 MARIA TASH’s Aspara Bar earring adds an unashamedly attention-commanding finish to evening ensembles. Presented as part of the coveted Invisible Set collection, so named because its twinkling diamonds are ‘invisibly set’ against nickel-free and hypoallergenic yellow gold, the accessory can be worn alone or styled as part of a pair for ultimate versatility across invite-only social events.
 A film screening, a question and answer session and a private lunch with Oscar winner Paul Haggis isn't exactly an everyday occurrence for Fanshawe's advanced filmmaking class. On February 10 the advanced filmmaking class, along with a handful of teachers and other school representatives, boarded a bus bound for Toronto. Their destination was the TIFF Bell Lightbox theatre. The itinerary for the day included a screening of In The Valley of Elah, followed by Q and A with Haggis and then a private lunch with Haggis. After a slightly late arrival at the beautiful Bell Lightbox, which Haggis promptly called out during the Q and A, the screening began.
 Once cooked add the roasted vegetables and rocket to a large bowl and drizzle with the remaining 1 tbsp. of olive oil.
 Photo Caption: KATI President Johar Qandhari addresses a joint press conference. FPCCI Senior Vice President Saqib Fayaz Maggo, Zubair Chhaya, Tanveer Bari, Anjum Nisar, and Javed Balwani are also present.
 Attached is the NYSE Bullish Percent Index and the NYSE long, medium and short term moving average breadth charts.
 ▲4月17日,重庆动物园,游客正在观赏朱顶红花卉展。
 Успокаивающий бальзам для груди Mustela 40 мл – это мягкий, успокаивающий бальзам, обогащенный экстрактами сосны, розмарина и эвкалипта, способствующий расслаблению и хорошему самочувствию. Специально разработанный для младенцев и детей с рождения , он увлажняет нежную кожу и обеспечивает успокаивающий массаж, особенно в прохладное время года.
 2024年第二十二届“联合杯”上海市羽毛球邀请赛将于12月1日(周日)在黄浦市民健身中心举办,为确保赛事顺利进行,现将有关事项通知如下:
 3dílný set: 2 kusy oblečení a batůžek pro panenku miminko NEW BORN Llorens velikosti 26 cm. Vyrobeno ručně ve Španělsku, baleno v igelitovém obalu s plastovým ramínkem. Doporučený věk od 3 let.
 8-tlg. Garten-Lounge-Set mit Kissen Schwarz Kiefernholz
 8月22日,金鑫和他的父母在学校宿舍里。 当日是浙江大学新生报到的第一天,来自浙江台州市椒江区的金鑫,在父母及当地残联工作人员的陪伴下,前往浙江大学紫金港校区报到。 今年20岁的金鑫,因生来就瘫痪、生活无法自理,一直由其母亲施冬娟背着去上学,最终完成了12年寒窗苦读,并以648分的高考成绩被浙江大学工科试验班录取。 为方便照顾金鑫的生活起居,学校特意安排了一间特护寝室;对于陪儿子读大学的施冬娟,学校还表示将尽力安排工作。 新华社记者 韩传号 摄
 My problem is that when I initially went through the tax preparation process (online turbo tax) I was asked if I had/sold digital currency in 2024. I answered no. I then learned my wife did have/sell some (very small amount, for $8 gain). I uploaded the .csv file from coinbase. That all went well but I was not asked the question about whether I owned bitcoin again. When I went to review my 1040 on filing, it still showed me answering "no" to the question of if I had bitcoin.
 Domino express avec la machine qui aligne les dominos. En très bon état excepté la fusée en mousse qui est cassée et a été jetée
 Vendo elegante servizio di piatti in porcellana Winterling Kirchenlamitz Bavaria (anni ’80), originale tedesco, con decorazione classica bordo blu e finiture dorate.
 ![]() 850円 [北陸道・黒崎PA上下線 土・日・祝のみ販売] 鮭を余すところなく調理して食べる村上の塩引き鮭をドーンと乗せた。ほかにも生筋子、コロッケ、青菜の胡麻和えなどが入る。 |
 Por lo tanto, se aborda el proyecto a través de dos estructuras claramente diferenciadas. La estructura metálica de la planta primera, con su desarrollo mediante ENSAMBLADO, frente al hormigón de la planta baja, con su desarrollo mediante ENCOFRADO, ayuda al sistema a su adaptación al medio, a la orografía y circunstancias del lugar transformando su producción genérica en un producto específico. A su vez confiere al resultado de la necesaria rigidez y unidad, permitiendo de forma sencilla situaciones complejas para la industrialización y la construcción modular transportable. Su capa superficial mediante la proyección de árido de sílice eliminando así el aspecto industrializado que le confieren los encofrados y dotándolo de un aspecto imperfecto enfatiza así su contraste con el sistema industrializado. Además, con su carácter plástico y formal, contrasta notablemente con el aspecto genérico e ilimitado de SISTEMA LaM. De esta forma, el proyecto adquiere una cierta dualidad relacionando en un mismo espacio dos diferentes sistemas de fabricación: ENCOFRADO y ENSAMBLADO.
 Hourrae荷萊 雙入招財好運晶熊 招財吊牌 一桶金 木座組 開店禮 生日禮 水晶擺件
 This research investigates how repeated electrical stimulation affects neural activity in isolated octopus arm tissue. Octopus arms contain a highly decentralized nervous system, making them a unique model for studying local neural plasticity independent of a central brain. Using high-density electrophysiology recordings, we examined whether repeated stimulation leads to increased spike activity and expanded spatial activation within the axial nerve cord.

__What to do__. The data above should be returned exactly as written.

__Result of this exercise__.
 MARIA TASH’s Aspara Bar earring adds an unashamedly attention-commanding finish to evening ensembles. Presented as part of the coveted Invisible Set collection, so named because its twinkling diamonds are ‘invisibly set’ against nickel-free and hypoallergenic yellow gold, the accessory can be worn alone or styled as part of a pair for ultimate versatility across invite-only social events.
 A film screening, a question and answer session and a private lunch with Oscar winner Paul Haggis isn't exactly an everyday occurrence for Fanshawe's advanced filmmaking class. On February 10 the advanced filmmaking class, along with a handful of teachers and other school representatives, boarded a bus bound for Toronto. Their destination was the TIFF Bell Lightbox theatre. The itinerary for the day included a screening of In The Valley of Elah, followed by Q and A with Haggis and then a private lunch with Haggis. After a slightly late arrival at the beautiful Bell Lightbox, which Haggis promptly called out during the Q and A, the screening began.
 Once cooked add the roasted vegetables and rocket to a large bowl and drizzle with the remaining 1 tbsp. of olive oil.
 Photo Caption: KATI President Johar Qandhari addresses a joint press conference. FPCCI Senior Vice President Saqib Fayaz Maggo, Zubair Chhaya, Tanveer Bari, Anjum Nisar, and Javed Balwani are also present.
 Attached is the NYSE Bullish Percent Index and the NYSE long, medium and short term moving average breadth charts.
 ▲4月17日,重庆动物园,游客正在观赏朱顶红花卉展。
 Успокаивающий бальзам для груди Mustela 40 мл – это мягкий, успокаивающий бальзам, обогащенный экстрактами сосны, розмарина и эвкалипта, способствующий расслаблению и хорошему самочувствию. Специально разработанный для младенцев и детей с рождения , он увлажняет нежную кожу и обеспечивает успокаивающий массаж, особенно в прохладное время года.
 2024年第二十二届“联合杯”上海市羽毛球邀请赛将于12月1日(周日)在黄浦市民健身中心举办,为确保赛事顺利进行,现将有关事项通知如下:
 3dílný set: 2 kusy oblečení a batůžek pro panenku miminko NEW BORN Llorens velikosti 26 cm. Vyrobeno ručně ve Španělsku, baleno v igelitovém obalu s plastovým ramínkem. Doporučený věk od 3 let.
 8-tlg. Garten-Lounge-Set mit Kissen Schwarz Kiefernholz
 8月22日,金鑫和他的父母在学校宿舍里。 当日是浙江大学新生报到的第一天,来自浙江台州市椒江区的金鑫,在父母及当地残联工作人员的陪伴下,前往浙江大学紫金港校区报到。 今年20岁的金鑫,因生来就瘫痪、生活无法自理,一直由其母亲施冬娟背着去上学,最终完成了12年寒窗苦读,并以648分的高考成绩被浙江大学工科试验班录取。 为方便照顾金鑫的生活起居,学校特意安排了一间特护寝室;对于陪儿子读大学的施冬娟,学校还表示将尽力安排工作。 新华社记者 韩传号 摄
 My problem is that when I initially went through the tax preparation process (online turbo tax) I was asked if I had/sold digital currency in 2024. I answered no. I then learned my wife did have/sell some (very small amount, for $8 gain). I uploaded the .csv file from coinbase. That all went well but I was not asked the question about whether I owned bitcoin again. When I went to review my 1040 on filing, it still showed me answering "no" to the question of if I had bitcoin.
 Domino express avec la machine qui aligne les dominos. En très bon état excepté la fusée en mousse qui est cassée et a été jetée
 Vendo elegante servizio di piatti in porcellana Winterling Kirchenlamitz Bavaria (anni ’80), originale tedesco, con decorazione classica bordo blu e finiture dorate.
 ![]() 850円 [北陸道・黒崎PA上下線 土・日・祝のみ販売] 鮭を余すところなく調理して食べる村上の塩引き鮭をドーンと乗せた。ほかにも生筋子、コロッケ、青菜の胡麻和えなどが入る。 |
 Por lo tanto, se aborda el proyecto a través de dos estructuras claramente diferenciadas. La estructura metálica de la planta primera, con su desarrollo mediante ENSAMBLADO, frente al hormigón de la planta baja, con su desarrollo mediante ENCOFRADO, ayuda al sistema a su adaptación al medio, a la orografía y circunstancias del lugar transformando su producción genérica en un producto específico. A su vez confiere al resultado de la necesaria rigidez y unidad, permitiendo de forma sencilla situaciones complejas para la industrialización y la construcción modular transportable. Su capa superficial mediante la proyección de árido de sílice eliminando así el aspecto industrializado que le confieren los encofrados y dotándolo de un aspecto imperfecto enfatiza así su contraste con el sistema industrializado. Además, con su carácter plástico y formal, contrasta notablemente con el aspecto genérico e ilimitado de SISTEMA LaM. De esta forma, el proyecto adquiere una cierta dualidad relacionando en un mismo espacio dos diferentes sistemas de fabricación: ENCOFRADO y ENSAMBLADO.
 Hourrae荷萊 雙入招財好運晶熊 招財吊牌 一桶金 木座組 開店禮 生日禮 水晶擺件
 This research investigates how repeated electrical stimulation affects neural activity in isolated octopus arm tissue. Octopus arms contain a highly decentralized nervous system, making them a unique model for studying local neural plasticity independent of a central brain. Using high-density electrophysiology recordings, we examined whether repeated stimulation leads to increased spike activity and expanded spatial activation within the axial nerve cord.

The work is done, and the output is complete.